MBI Videos

Scott Duxbury

  • video photo
    Scott Duxbury

    Interconnected systems in physical, biological, and social sciences are often at risk of attacks from exogenous sources. As a result, a growing number of studies focus on network attack tolerance. In general, this body of research assumes that damage to cross-sectional networks persists over time and has almost ubiquitously focused on attack strategies targeting integral vertices or edges. At issue, however, is that many networks are dynamic, especially in the social sciences, and capable of adaptive responses to attacks. Relatedly, network attack strategies may be diffuse, targeting an array of weak links, rather than high profile vertices. Together, these two omissions limit researchers’ ability to reach firm conclusions or derive policy recommendations from past research. Expanding on this prior work, we examine data collected from an online drug trafficking network comprised of roughly 7,400 actors and 17,000 illicit drug transactions observed over 14 months. We use these data to develop an agent-based simulation experiment evaluating how the drug trafficking network responds to targeted and diffuse attacks.
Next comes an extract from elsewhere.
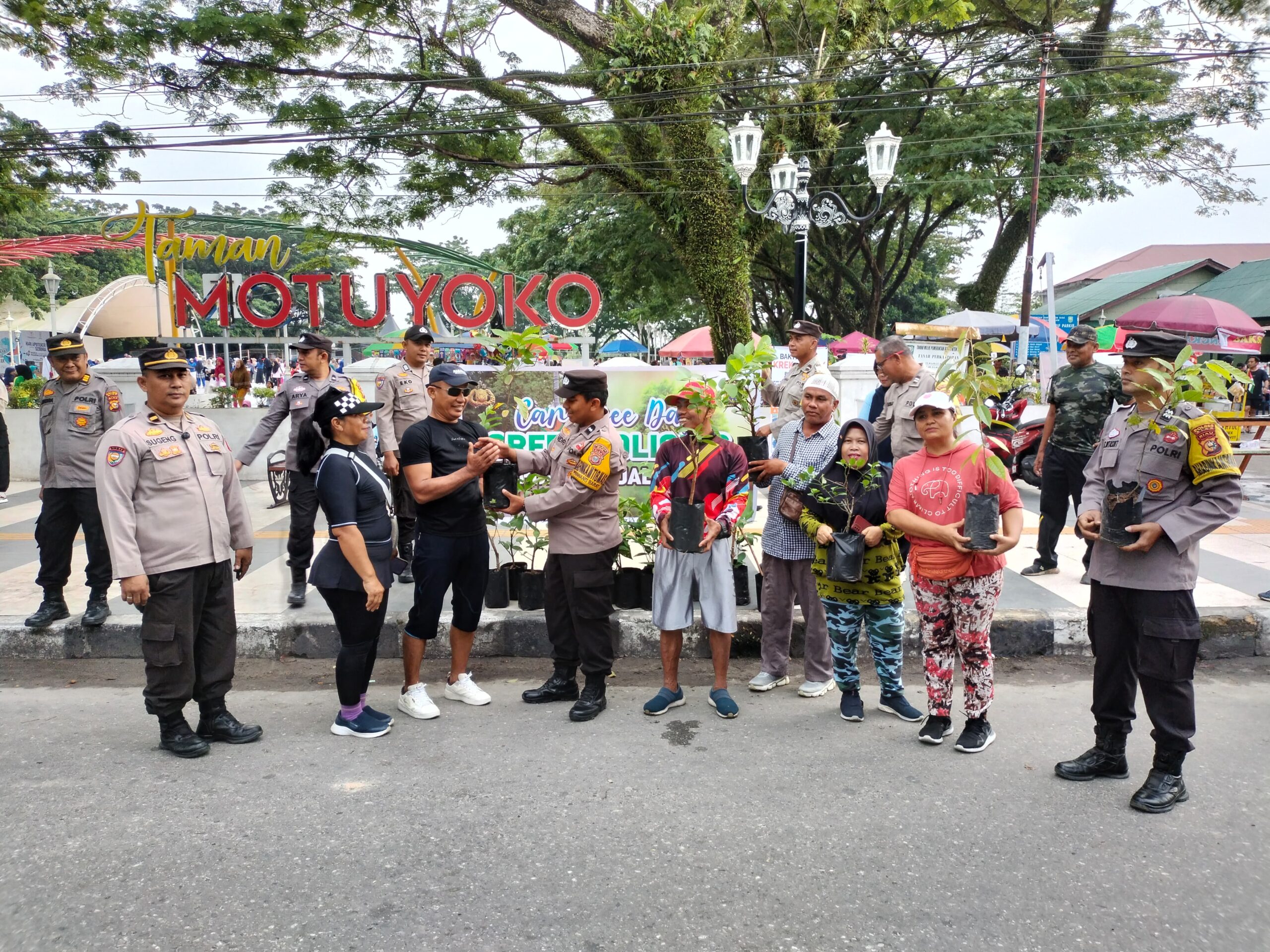 SIAK, PUBLIKNEWS.COM – Suasana Car Free Day (CFD) di Taman Motuyoko, Minggu (28/9/2025) pagi terasa berbeda. Selain berolahraga, warga juga mendapat hadiah spesial dari Polsek Tualang berupa bibit pohon gratis.

Results show that the network suffers substantial damage from diffuse attacks and that conventional methods for evaluating network robustness do a poor job of representing this type of damage. In particular, cross-sectional measures of network robustness in the simulated output networks suggest that the networks actually grow stronger in the aftermath of a diffuse attack, despite losing a substantial portion of edges and vertices. Pertinent to policy, these results indicate that the diffuse attack strategy evaluated in this study is an effective tactic for curbing online drug trafficking—an issue which has vexed law enforcement for some time.